Your country has qualified for the FIFA 2010 South Africa World Cup. As the coach, you have made up the 23 men squad. Now you must select 11 of them as the starters. As is well known, there are four positions in soccer: goalkeeper, defender, midfielder and striker. Your favorite formation is 4-4-2, that is, you should choose 4 defenders, 4 midfielders, 2 strikers, and of course, 1 goalkeeper. As a retired ACMer, you want to write a program to help you make decision. Each person's ability has been evaluated as a positive integer. And what's more, for some special pairs of persons, if the two people are both on the field, there will be an additional effect (positive or negative).
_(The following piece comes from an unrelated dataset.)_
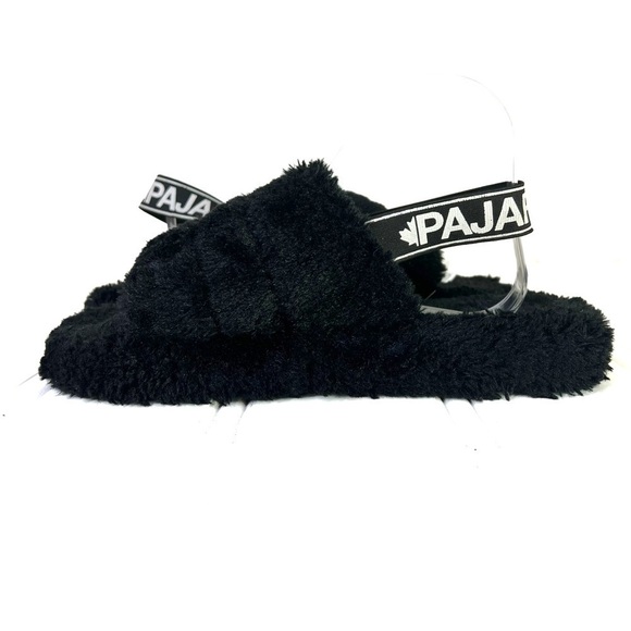 PAJAR BLACK FLUFFY SLIPPER TEDDY BEAR SLIPPER SLINGBACK WITH PAJAR SIGNATURE 8

Now you should choose the 11 persons to make the total value maximum.

 

Input

There are multiple test cases, separated by an empty line. The first 23 lines of each test case indicate each person's name S _i, ability value V _i, and position. The length of each name is no more than 30, and there are no whitespaces in the names. All the names are different. The ability values are positive integers and no more than 100. The position is one of "goalkeeper", "defender", "midfielder" and "striker".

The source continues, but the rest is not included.